The creator of the show, Ryan Murphy, wanted to show that there’s a price to be paid on every
single level of getting your face done. His ideas mirror the agenda of feminist critics who
highlight the brutality of going under the knife. He tried to make people imagine the feeling of
having scalpels, knives, needles and scissors cutting into their skin.

While feminists analyze cosmetic surgery as an implication of the pursuit of youth and beauty,
Nip/Tuck has a random agenda. As viewers keep watching these scenes over and over again, it
may train them to look instead of look away. Fascination may displace disgust; awe at the skill
of surgeons may overpower the intended politics of the gruesome scene.

In an episode “Kurt Demsey”, a white man wants his eyelids refashioned so that he can pass off
as Japanese to win the approval of his intolerant, racist, prospective mother-in-law. It shows
the story of an individual who goes to great lengths to show his love instead of that of
“Westernization” of the “Oriental” eye.

Liz, the show’s anaesthesiologist and moral compass, routinely pops up in the show and gives
her opinion on feminism. She speaks of how she is ashamed of her job when she sees people
going under the knife. For example, one patient wanted to remove her breast implants, and the
audience was directed to watch an incision made beneath a breast.
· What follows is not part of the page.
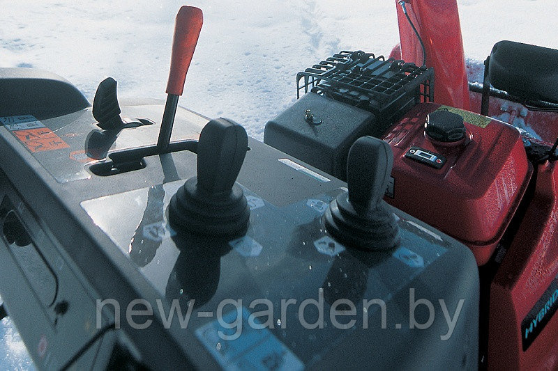 Снегоуборщик бензиновый Honda HSM 1390 IKZE характеризуется применением гибридной технологии, при которой гусеницы приводятся в движение двумя независимыми электродвигателями, а шнеки вращаются за счет работы бензинового двигателя. Такая технология способствует повышению производительности и экономии расхода топлива. Встроенная двухступенчатая система выброса снега с дальностью 19 метров, увеличенные показатели ширины и высоты захвата снега до 92 и 58 см соответственно позволяют убирать до 83 тонн снега за час. Продолжительность автономной работы снегоуборщика составляет 2,3 часа при объеме топливного бака 5,7 л. Оборудование дополнительно имеет функции освещения при помощи фары с возможностью выбора ближнего и дальнего света, разворота на месте на 360 градусов, электрического управления желобом регулировки направления сбрасывания снега, применения системы самодиагностики неисправностей.

An instrument resembling a
crowbar was used to remove the flesh from the chest so that an entire hand could enter the
body and pull the bloody implants from the breast cavity.

The show often shows the cruelties of appearance through the breast, presenting implants as
dangerous and as a site of exploitation. They talk about how it is the reason for someone’s
return of cancer, the reason for it to weaken another’s immunity etc.

While some want to have a perfect face, others want to have a perfect vagina which is
appealing and pretty which is an influence of pornographic beauty ideals.

The show has rare moments where it interrogates the logic behind the domestication of
surgical culture. It talks of a culture where an attempt is made to address a psychological
problem with a surgical cure.

CONCLUSION:

The article examined what television suggests to publics to think about cosmetic surgery.
Surgery is viewed as an increasingly normal practice and the post-feminist ideals of
transformation are a cure for suffering, a route to empowerment from oppression and vanity. It
is celebrated as a transformation to self-actualization.

Surgical reality television provides viewers with information to imagine themselves as clients: a
name for procedures, knowledge about suitability of candidates. People take risks to alter their
appearance, and medicine has now become commercialized.

Extreme Makeover elaborates on bodies which are brought in line with prevailing raced and
gendered aesthetic norms. Women, with the help of breast implants, cosmetics, liposuction etc
become more “feminine” whereas men become more “masculine” with chin implants, hair
transplants, designer suits and by adding muscle bulk.

The feminist argument that surgical culture is about oppression and a renunciation of power of
dominant social forces because it instructs people to think of power only in individualistic terms
holds good.

In Extreme Makeover, the tears and narratives of shame that the candidate started with
contrast with the self at the final “reveal” of the new, surgically altered, dieted and
professionally made-up self; which leaves little room for doubt that surgery “works” to make
people happy, which in the post-feminist culture is what “counts”.

Nip/Tuck attempts to worry the domestication of cosmetic surgery by invoking its raced,
gendered and ageist practices. It represents the limited worth of feminist analysis within a
culture which has gripped the post-feminist judgment of surgical cure.
Both shows contribute to post-feminist mediascape which shows the inevitability of the
culture’s surgical turn, providing viewers’ limited room for negotiating their own responses to
the meanings of cosmetic surgery.

“Beauty is a curse on the world- it stops us from seeing who the real monsters are”. Beauty
becomes a horrific violence and surgeons are rendered as heroic for repairing the damage.
People in society are made responsible for their own suffering while the culture which produces
difference as the source of suffering is left intact.